Тачихара хочет царапать дверь лифта, хочет сжаться, хочет завыть, но вместо стонов переходит на скулёж. Отчаянно толкается в руку Акутагавы, трётся бёдрами о нарастающий стояк, просяще выгибается в пояснице, запрокидывает голову на чужое плечо:
— Чёрт, Рю, позволь мне кончить. Трахни меня в этом грёбанном лифте, пока нас не застукают облитыми потом и спермой, — Мичизо протяжно стонет, когда рука наращивает темп; завывает, когда большой палец надавливает на головку и с неудержимым всхлипом изливается в руку Акутагавы. — Прости, — еле слышно выдавливает он, оборачиваясь лицом к Рюноске, но тот, не отводя плывущего пьяного взгляда, с усмешкой облизывает пальцы.

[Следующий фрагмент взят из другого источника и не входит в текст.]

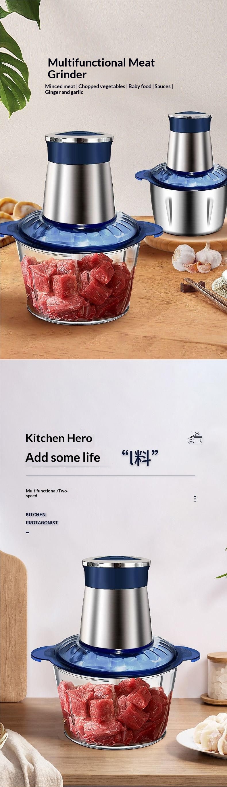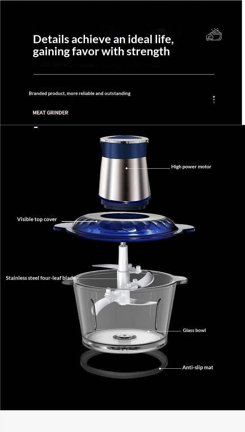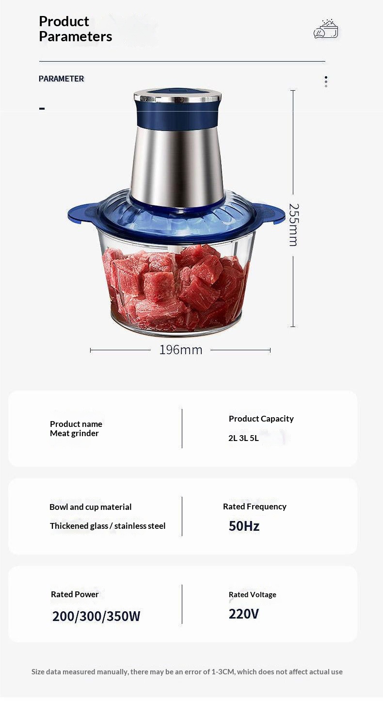 Color: 3-liter blue stainless steel meat grinder, 3-liter blue glass meat grinder

— Твой вкус я ни с чем не спутаю, — Акутагава растирает остатки спермы меж пальцев. — Позволь мне закончить начатое, пока я пьян тобой.
— Хочешь меня взять? — Тачихара царапает губами чужие и вновь поворачивается спиной. — Если нас застукают, я сдохну здесь от стыда, — произносит Мичизо, приподнимая одну ногу, и ощущая как тёплые склизкие от его собственной спермы пальцы надавливают на проход.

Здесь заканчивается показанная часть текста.